# Mia's Halloween Costume



## miasowner (Jun 3, 2009)

I'd thought I would show everybody Mia's Halloween costume. My aunt took the time to make it and I just love how it came out. She's a cow.


----------



## Mandy (Jan 16, 2009)

its soooooo cute love it


----------



## Ciarra (May 6, 2008)

Lol, that is too cute!!!


----------



## bkbunny (Aug 11, 2009)

OMG that is sooo cute.
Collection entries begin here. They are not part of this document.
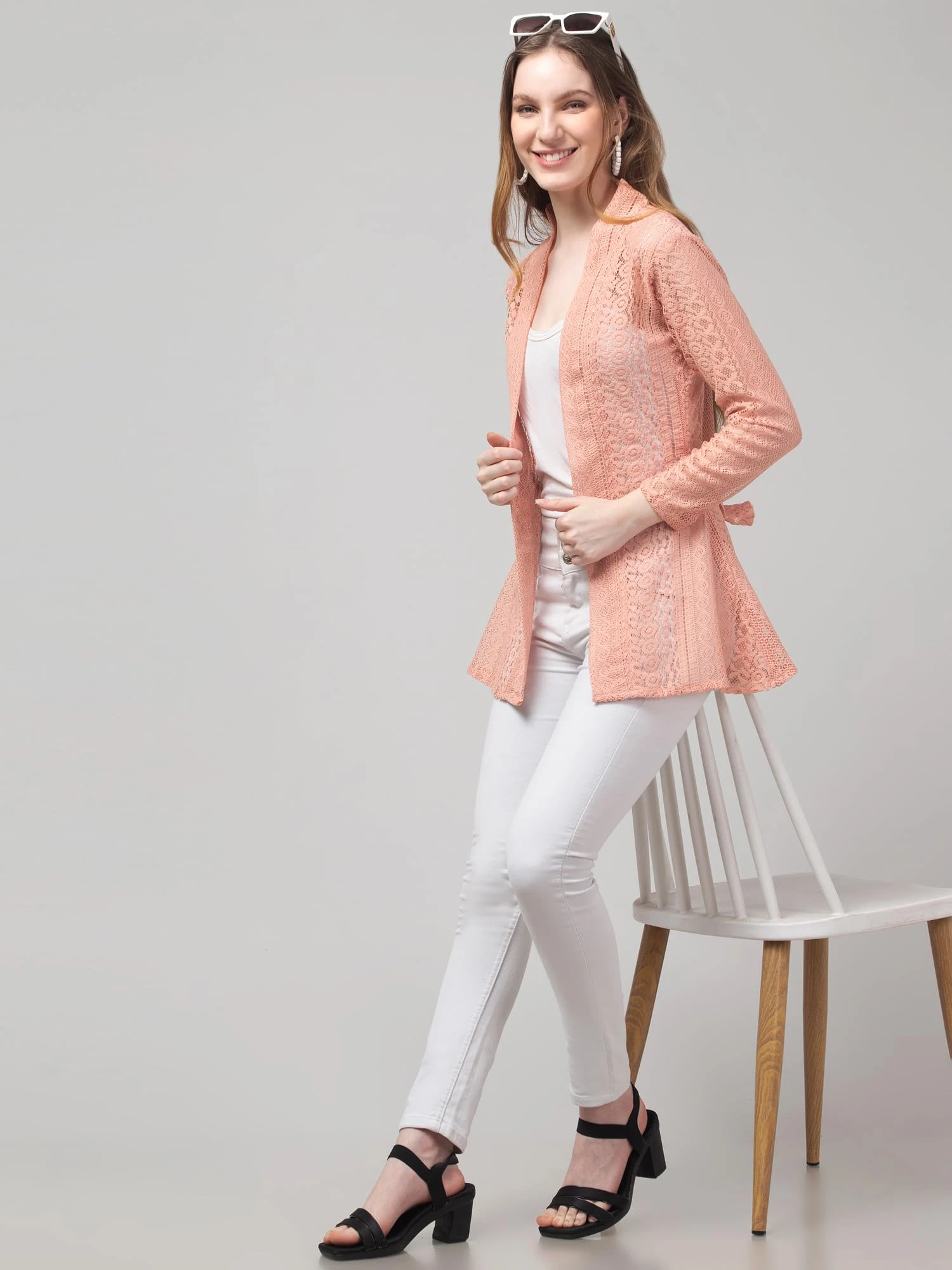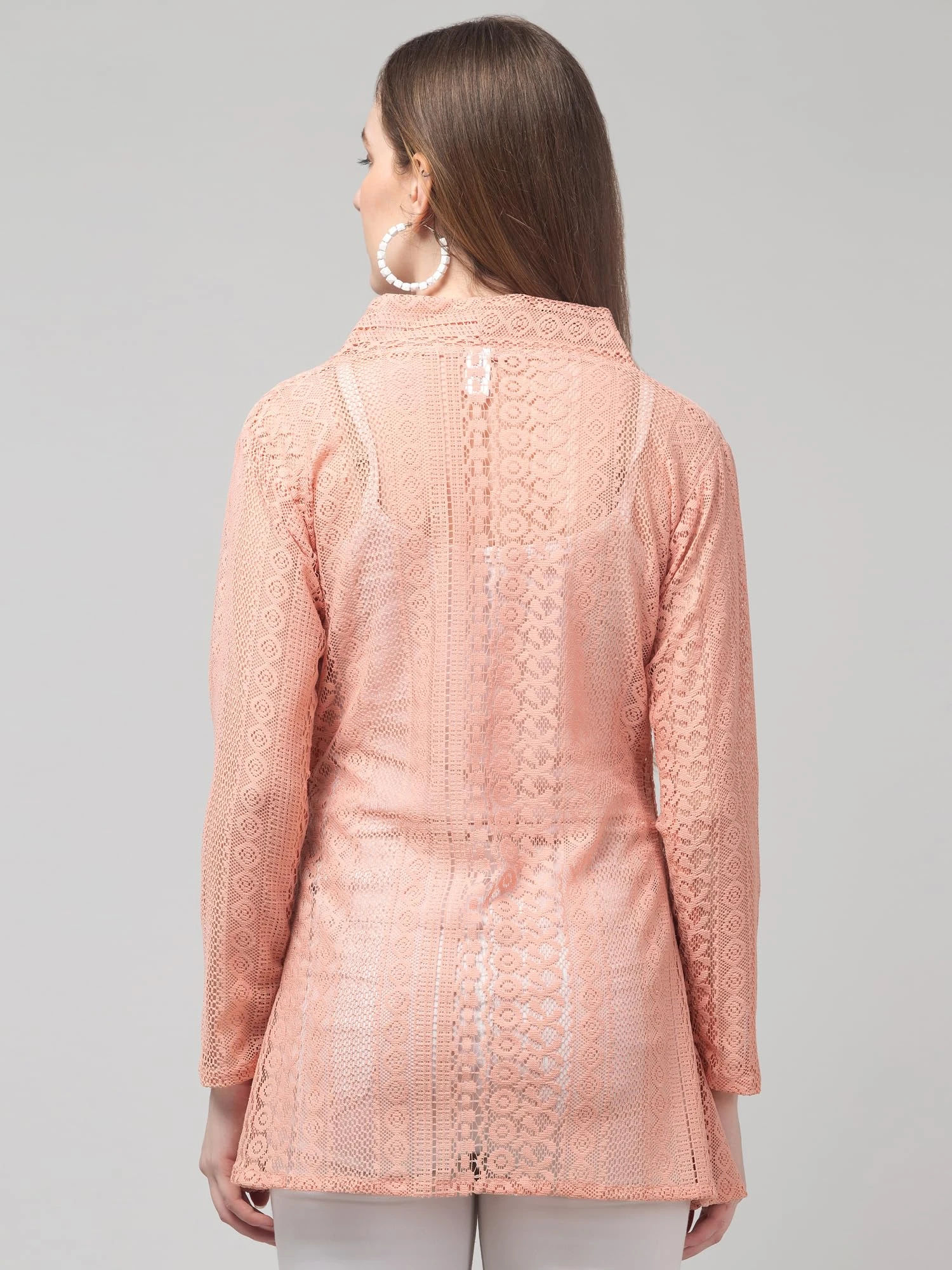 Talitha Fashion Women's Lace Shrug - Long Sleeve Regualar Open Front, Sheer Mesh Cover Summer Wear Full sleeves Jacket Style For Jeans (IN, Alpha, XL, Regular, Peach)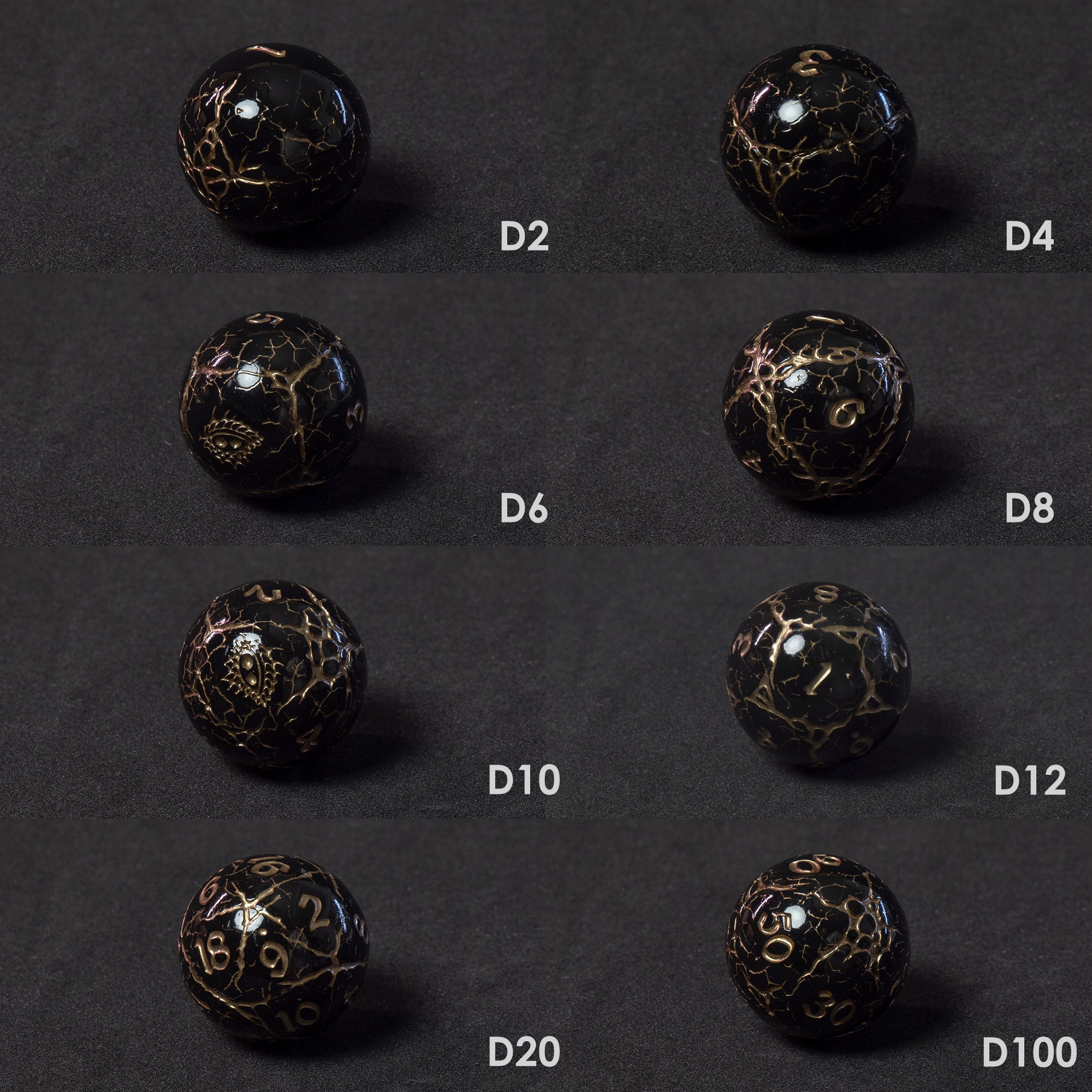 Кожен набір містить 8 кубиків: K2, K4, K6, K8, D10 (одиночні числа), D10 (десятки), D12 і D20.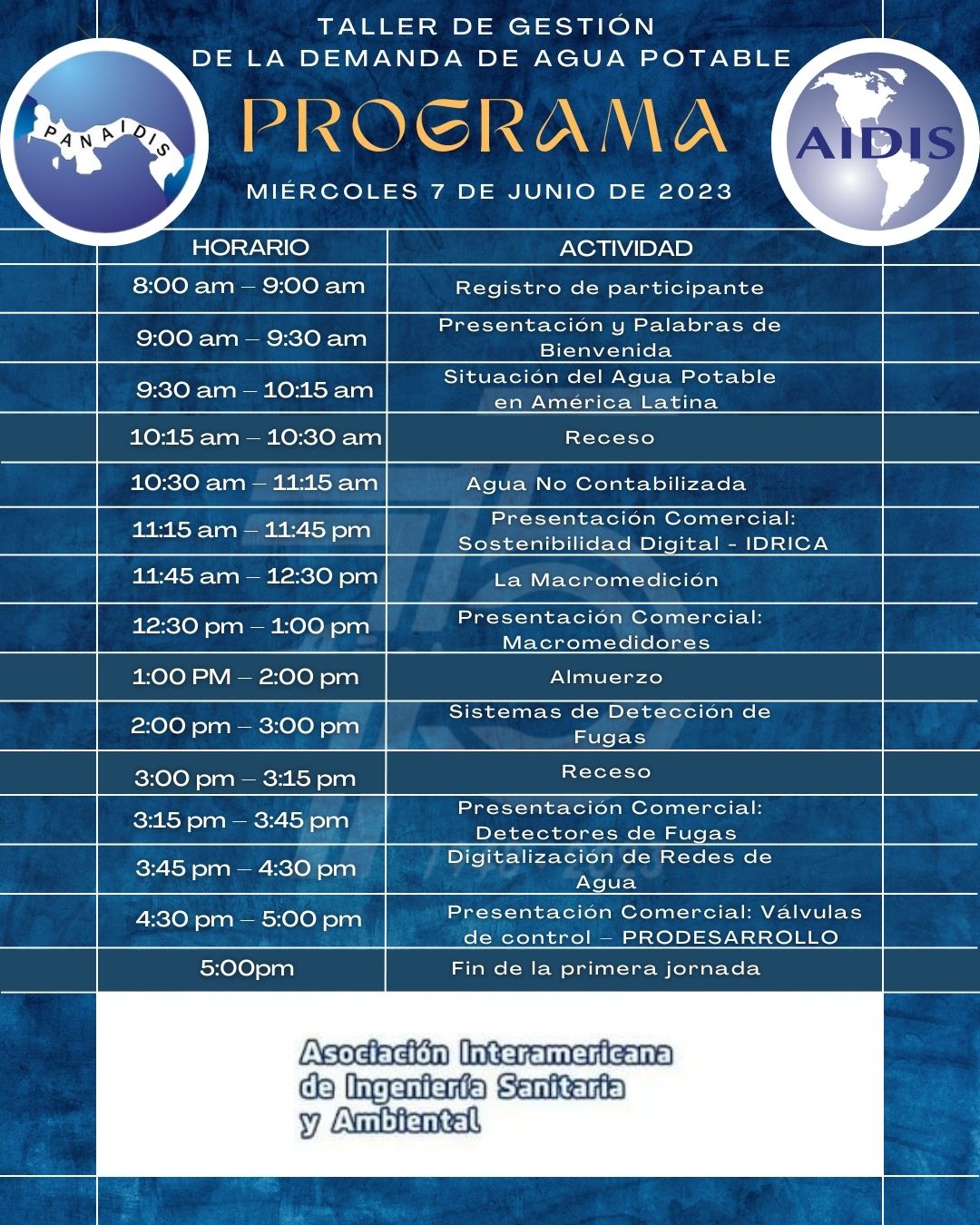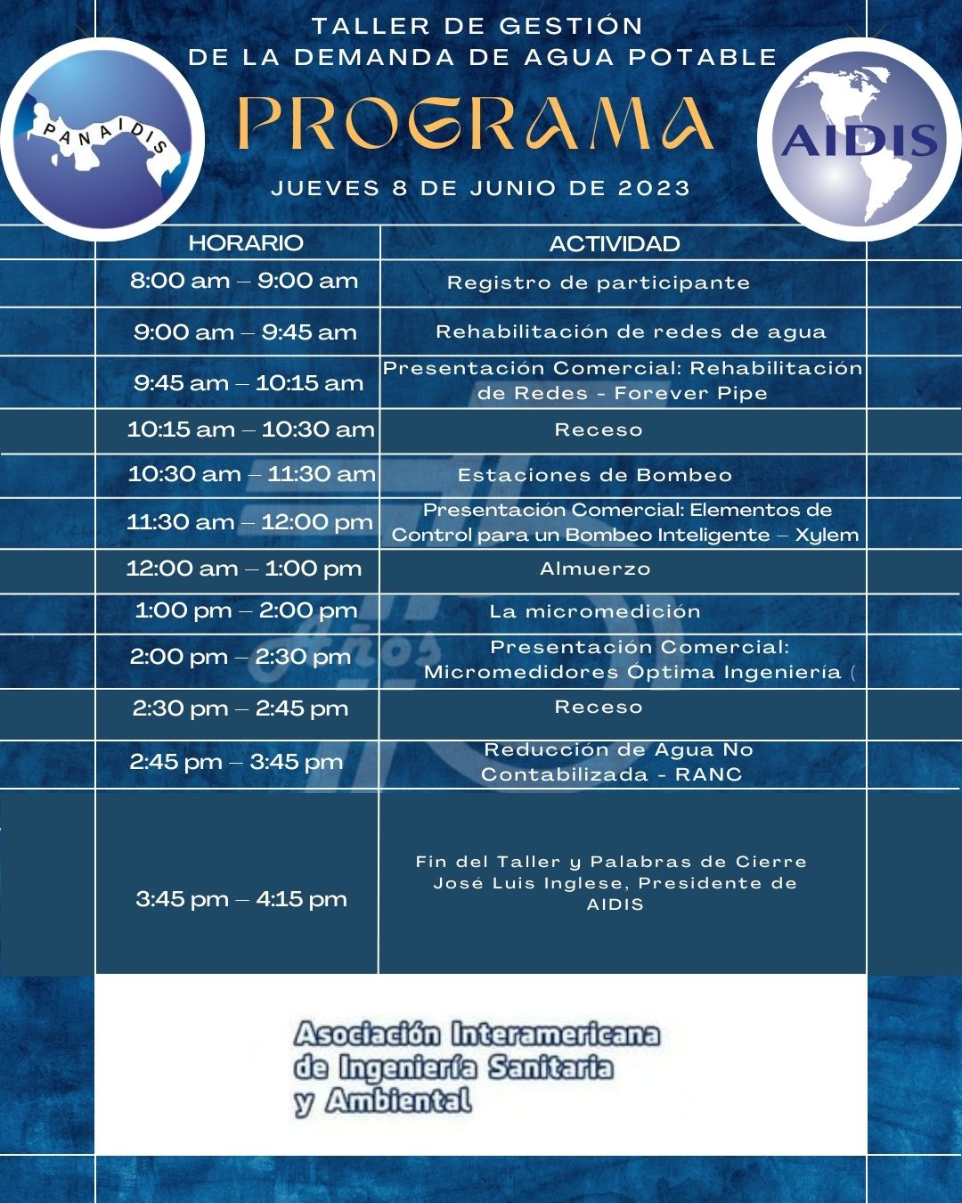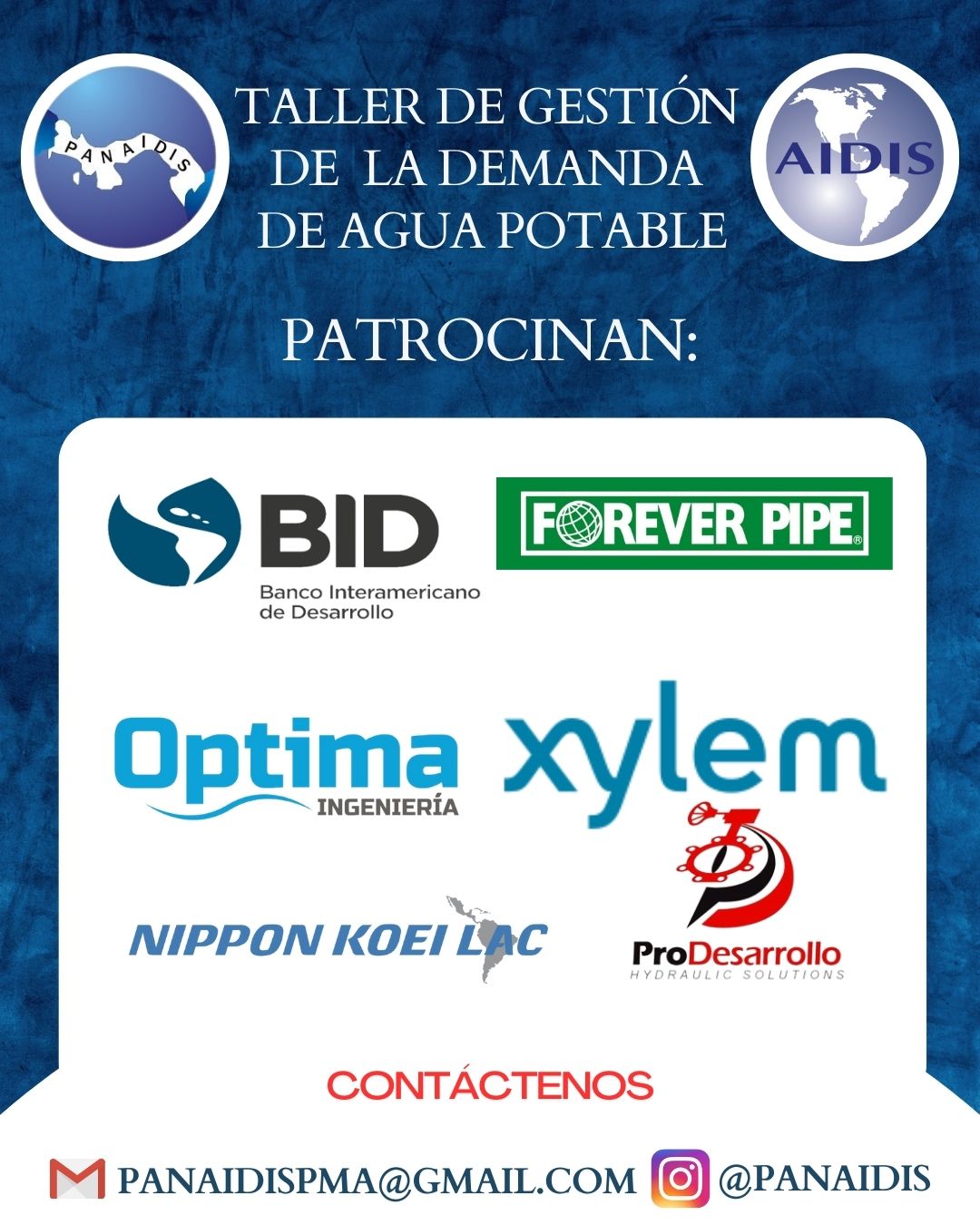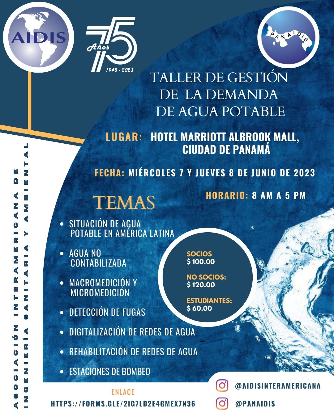La Asociación Interamericana de Ingeniería Sanitaria y Ambiental (AIDIS) a través de su capítulo local PANAIDIS, les invita a participar del Taller de Gestión de la Demanda de Agua Potable, el miércoles 7 y jueves 8 de junio de 2023 en jornada completa, en el Hotel Marriott Panamá Albrook Mall.

Now all she needs is a piece of wheat in her mouth.LOL How wonderful that you have such a great auntie to make you clothes for your baby.


----------



## pigeonsheep (Nov 8, 2008)

that's adorable! crafty aunt you got there


----------



## 17428 (Jul 10, 2009)

Very nice clear photo.
Its a cow costume but 
she looks sheepish!! LOL.


----------



## *Princess* (Feb 7, 2009)

Well done Auntie..your auntie should make more!! shes talented 

cute pic too


----------



## Terri (Aug 21, 2009)

Adorable pic and very cool costume too!


----------



## claireeee (Aug 24, 2009)

omg so cute! I love it! xxx


----------



## TLI (Sep 3, 2008)

Now that is just TOO cute!


----------



## Brodysmom (Jan 8, 2009)

Cutest cow I've ever seen!!!

Brodysmom


----------



## lynx8456 (Feb 26, 2009)

Very cute


----------



## phoebedog (Sep 19, 2009)

lol that's sooooo cute!!


----------



## omguthrie (Oct 13, 2009)

Oh my goodness! How cute!!

Olivia


----------



## amyhedd (Aug 6, 2009)

AWWW adorable !!!!!


----------



## Adrienne (Apr 3, 2009)

I love that costume!!!


----------



## edel (Sep 6, 2009)

lol thants just to cute xx


----------



## CaliforniaHalo (Jun 5, 2009)

What a cute little cow she is!


----------



## London (Jul 4, 2009)

Aww I love it! Are you going to a party?

I really wanna buy a sewing machine so I can start making stuff. My mum said she'd teach me all I need to know but that its fairly easy so I cant wait.


----------



## rachellauren (Oct 15, 2008)

she looks so cute, great job


----------



## Bella Luna (Jan 15, 2010)

Hahahaah, so adorable


----------